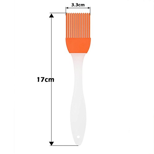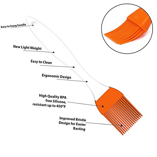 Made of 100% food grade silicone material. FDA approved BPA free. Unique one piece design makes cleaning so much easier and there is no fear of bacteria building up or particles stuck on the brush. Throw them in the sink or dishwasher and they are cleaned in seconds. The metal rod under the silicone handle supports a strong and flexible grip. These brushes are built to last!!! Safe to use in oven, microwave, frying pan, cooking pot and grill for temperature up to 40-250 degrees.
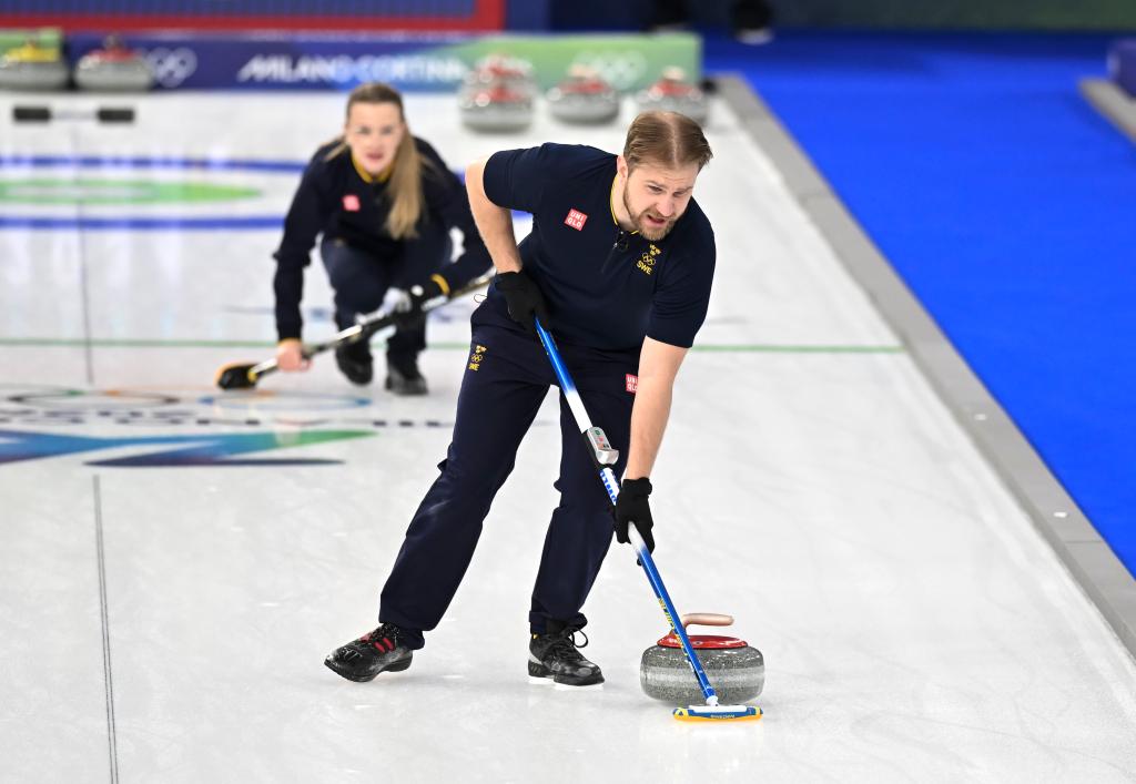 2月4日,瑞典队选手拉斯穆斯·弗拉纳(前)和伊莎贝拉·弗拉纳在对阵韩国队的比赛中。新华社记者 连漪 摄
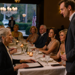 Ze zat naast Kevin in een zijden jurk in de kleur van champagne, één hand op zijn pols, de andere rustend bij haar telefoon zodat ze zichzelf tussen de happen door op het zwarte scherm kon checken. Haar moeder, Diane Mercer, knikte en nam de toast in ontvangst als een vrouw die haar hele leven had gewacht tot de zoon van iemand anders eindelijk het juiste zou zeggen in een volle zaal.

====================

▶ **Task directions**
All that's required is the material above repeated exactly, minus any picture.

▶ **Exercise response**
 Made of 100% food grade silicone material. FDA approved BPA free. Unique one piece design makes cleaning so much easier and there is no fear of bacteria building up or particles stuck on the brush. Throw them in the sink or dishwasher and they are cleaned in seconds. The metal rod under the silicone handle supports a strong and flexible grip. These brushes are built to last!!! Safe to use in oven, microwave, frying pan, cooking pot and grill for temperature up to 40-250 degrees.
 2月4日,瑞典队选手拉斯穆斯·弗拉纳(前)和伊莎贝拉·弗拉纳在对阵韩国队的比赛中。新华社记者 连漪 摄
 Ze zat naast Kevin in een zijden jurk in de kleur van champagne, één hand op zijn pols, de andere rustend bij haar telefoon zodat ze zichzelf tussen de happen door op het zwarte scherm kon checken. Haar moeder, Diane Mercer, knikte en nam de toast in ontvangst als een vrouw die haar hele leven had gewacht tot de zoon van iemand anders eindelijk het juiste zou zeggen in een volle zaal.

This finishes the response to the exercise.